= American Board of Hospital Medicine =

The American Board of Hospital Medicine (ABHM) is physician certifying body in the United States and Canada that offers board certification in hospital medicine. It is one of the Member Boards of the American Board of Physician Specialties (ABPS), a multispecialty certifying organization. The ABHM was founded in 2009 to provide a certification pathway for physicians whose clinical work is primarily focused on the care of hospitalized patients. The board develops certification examinations and maintenance requirements for hospital medicine practitioners.

== History ==
The ABHM is North America's first and only board of certification devoted exclusively to hospital medicine founded by hospitalists and governed by hospitalists.

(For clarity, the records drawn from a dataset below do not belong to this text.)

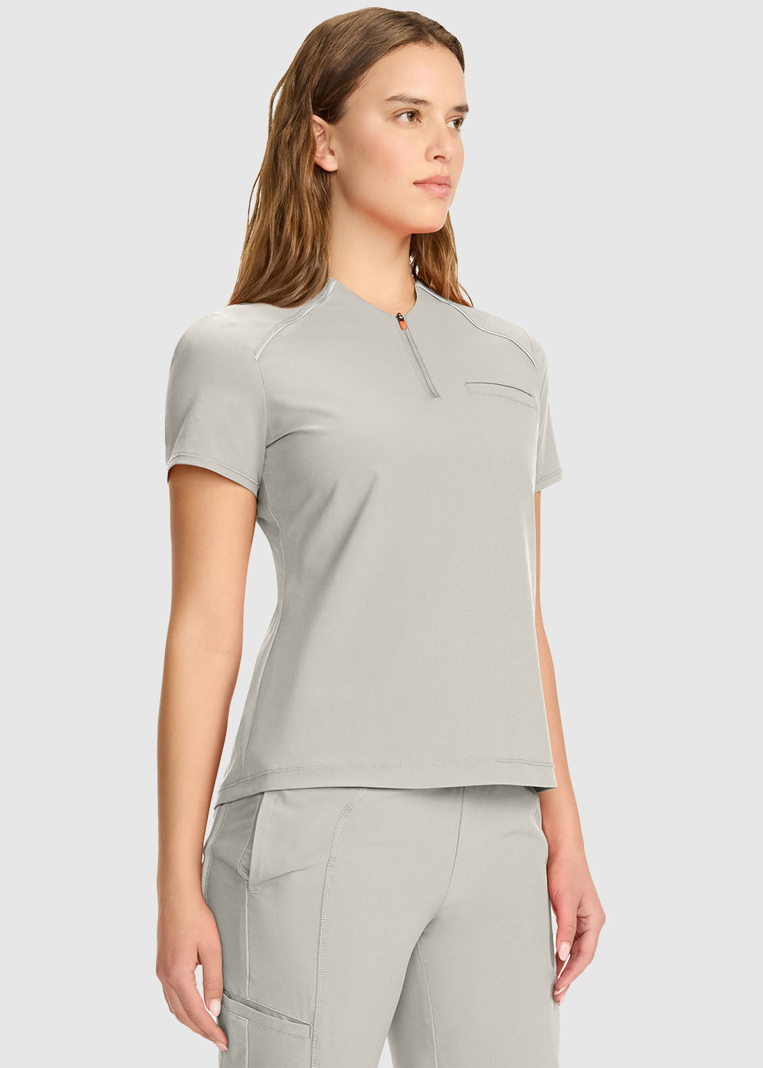 A tuckable top that elevates everyday looks, this ultra-stretch scrub is the perfect partner to your favorite performance pant. A Henley-style neckline and back contrast detail add fun-yet-functional appeal.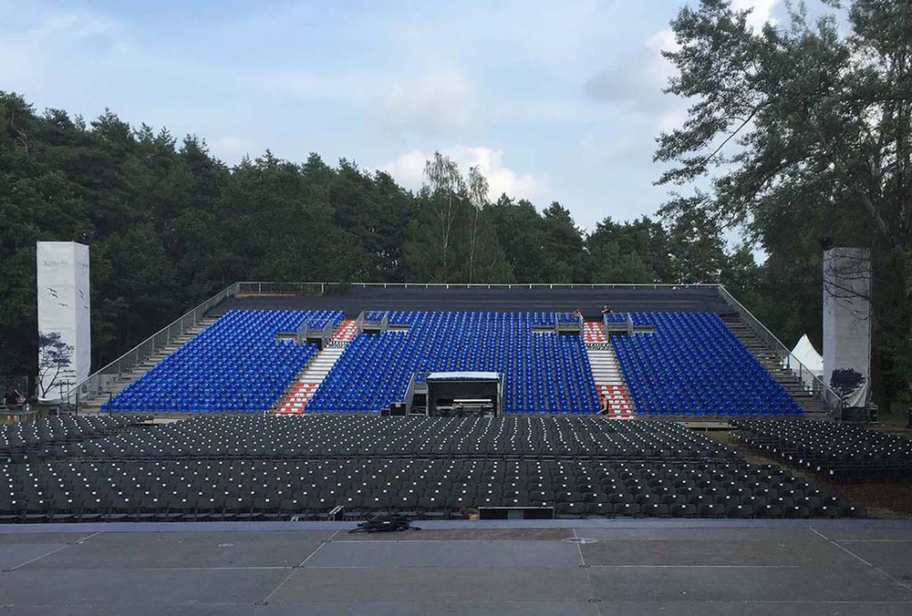 Neben der hochkarätigen Besetzung hatten sich die Veranstalter für dieses Jahr noch ein besonderes Konzept einfallen lassen: Zu der bisherigen ebenerdigen Reihenbestuhlung, kamen nun erstmals Tribünen zum Einsatz. Dafür lieferte Eventdienstleister eps sein flexibel einsetzbares Tribünensystem sowie den Klappstuhl Big Boy für den Bereich vor der Bühne.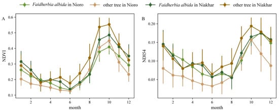 Averaged monthly (A) NDVI and (B) NDI54 values for sample pixels of Faidherbia albida and other species in the regions of Nioro and Niakhar. Vertical lines represent the standard deviation of the sample population. Overall, 1418 pixels were sampled and averaged over the study period, including 57 Faidherbia albida pixels and 112 pixels with other tree species in the Nioro region, and 459 Faidherbia albida pixels and 790 pixels with other species in the Niakhar region.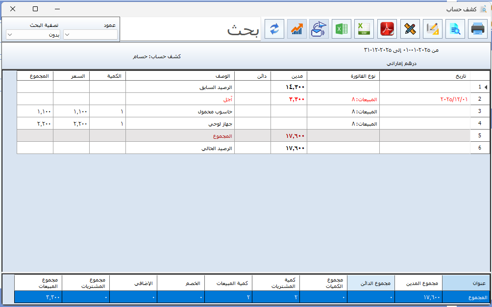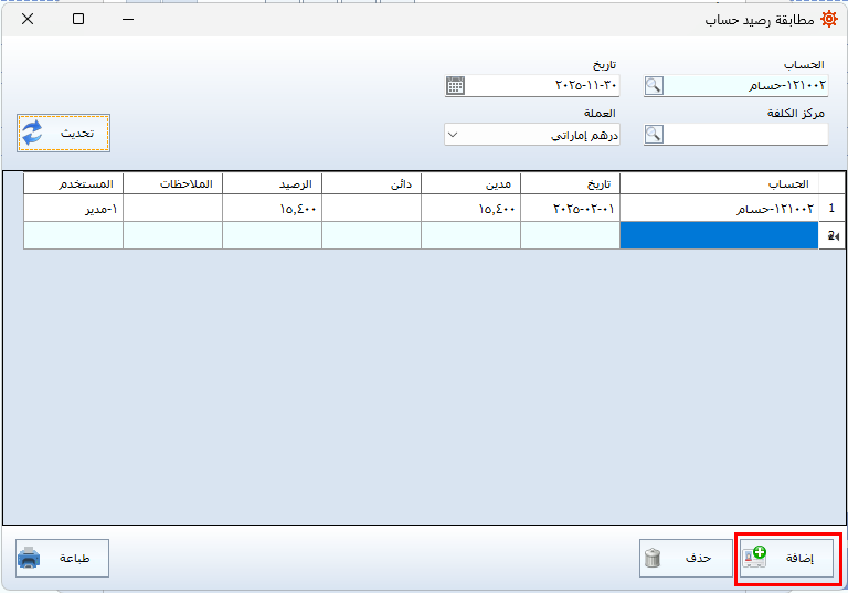 - يقوم البرنامج تلقائيًا بإحضار الرصيد في ذلك التاريخ.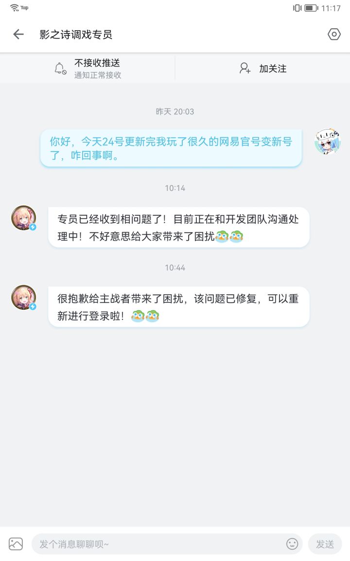 今天更新完我玩了很久的网易官号变新号了,咋回事啊。你这可是恶性bug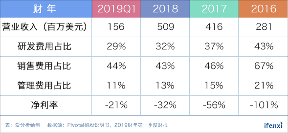 虽然Pivotal尚未实现盈利,不过随着收入增长,老客户订阅扩展的增加,可以看到经营费用占比不断降低,亏损逐渐减小。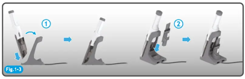Remove all the accessories from the cleaner, then put the product on the charger base and plug the charger into suitable socket outlet.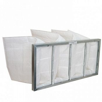 Фильтрующий материал выполнен в виде кассеты с мешочными фильтрами из синтетического волокна, имеющего класс очистки EU4, EU5, EU7. Устанавливается в горизонтальном или вертикальном положении. При вертикальном монтаже воздушный поток должен быть направлен вниз так, чтобы карманы фильтра не сминались.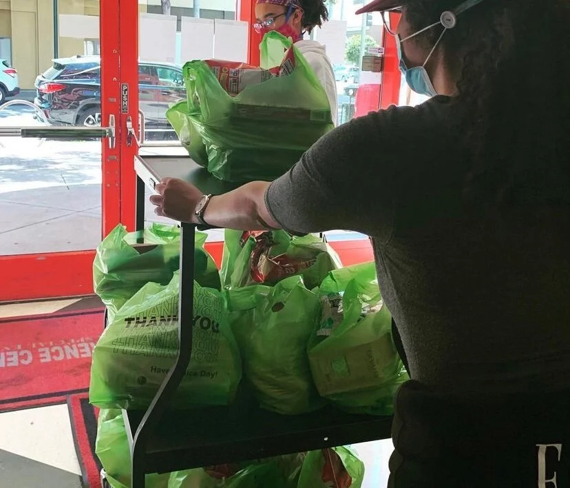 we meet to share community, fill orders for deliveries or pick up, and we take in donations and organize them. Then we are off to drop them off throughout San Francisco.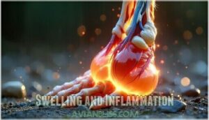 When your bird’s leg looks puffed up like a little balloon, you’re seeing inflammation markers at work – nature’s alarm system signaling injury or infection.
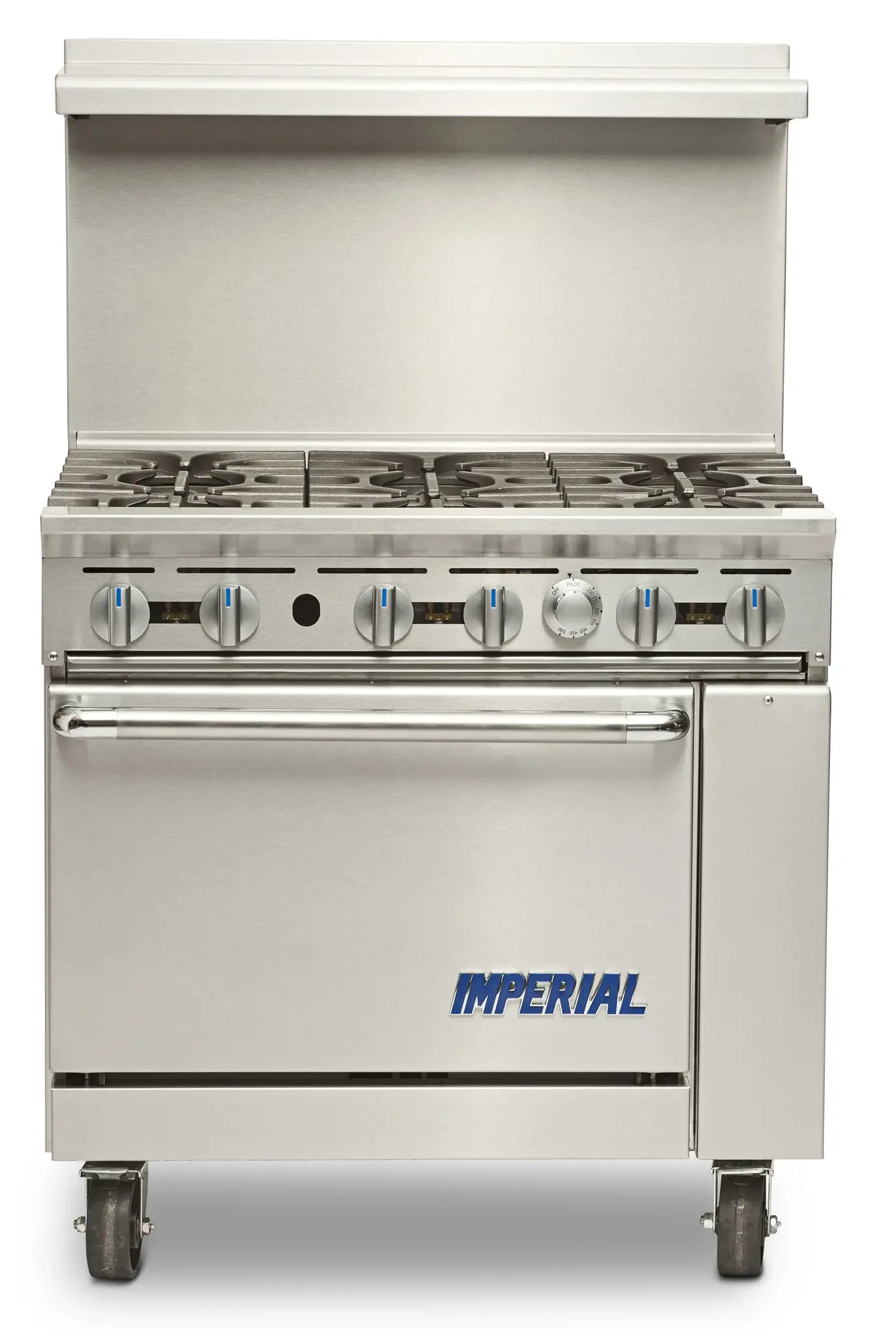 Unleash your kitchen's potential with the Imperial IR-6 Range, a powerful and versatile addition to any commercial restaurant. This 36" gas range features six open burners, allowing you to simultaneously cook multiple dishes with precision and efficiency. The standard oven comes with a chrome rack, providing ample space for baking and roasting. The removable crumb tray makes cleaning a breeze, ensuring a hygienic cooking environment. Crafted with a stainless steel front, sides, backguard, landing ledge, and kick plate, this range is not only durable but also adds a sleek and professional look to your kitchen. The adjustable feet and 6" legs provide stability and flexibility in installation. With a whopping 227,000 BTU, this NSF, CE, CSA Flame, and CSA Star certified range delivers exceptional performance and reliability. Elevate your culinary creations with the Imperial IR-6 Range.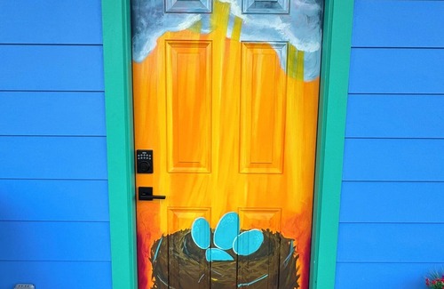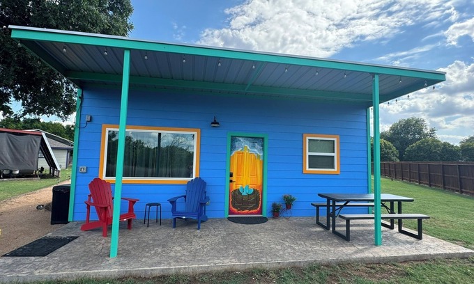 The Glory Nest is the newest addition (built 2024) to Olliewoods Oasis - a mix and match of colorful and eclectic sleeping options that make the setting outta sight and totally fab! The property is 2.5 acres and is adjacent to 180 acre Crescent Bend Nature Park. The owners' home is on the front side of the property and the three sites (Buffalo Knights, Ruby Any Day and The Glory Nest) are located on the back/park side of the property with a path provided directly into the park. The owners share their pool with guests and the property also has a 30x30 covered pavilion, covered pickleball court, volleyball court, outdoor hot water shower and a separate bathroom/shower house (Groovy Go Go) for all guests to use. For additional family fun, board games, movies and outdoor yard games are provided along with pickleball paddles to try the fastest growing sport in America!

According to ABHM Chair, Dr. Thomas G. Pelz, a hospital based physician at Boscobel (Wisconsin) Area Health Care, "The American Board of Physician Specialties recognizes the vital role that hospitalists play in the delivery of health care in the United States and Canada. Hospital medicine is one of the fastest growing and most dynamic medical specialties in North America and the ABPS is excited about taking the lead in the formation of the American Board of Hospital Medicine." Canadian ABHM board member, Dr. Luay Dindo of Surrey, British Columbia, said, "The ABHM is not a subspecialty of another board of certification but a fully fledged, comprehensive board in hospital medicine. I believe that hospital medicine is its own specialty and necessitates a board of certification reflecting that fact."

=== Governance ===
The ABHM's founding American and Canadian physician leaders represent Diplomates from the American Board of Physician Specialties (ABPS), the American Board of Medical Specialties (ABMS), and the American Osteopathic Association Bureau of Osteopathic Specialists (AOABOS).

=== Parent organization ===
In its 58th year, the American Association of Physician Specialists, Inc. (AAPS), and its official certifying body, the American Board of Physician Specialties (ABPS), is one of three nationally recognized multispecialty medical organizations overseeing physician certification. It assists its 15 Member Boards in their efforts to develop and implement educational and professional standards for the evaluation and certification of physician specialists. The AAPS is a not-for-profit organization headquartered in Tampa, Florida.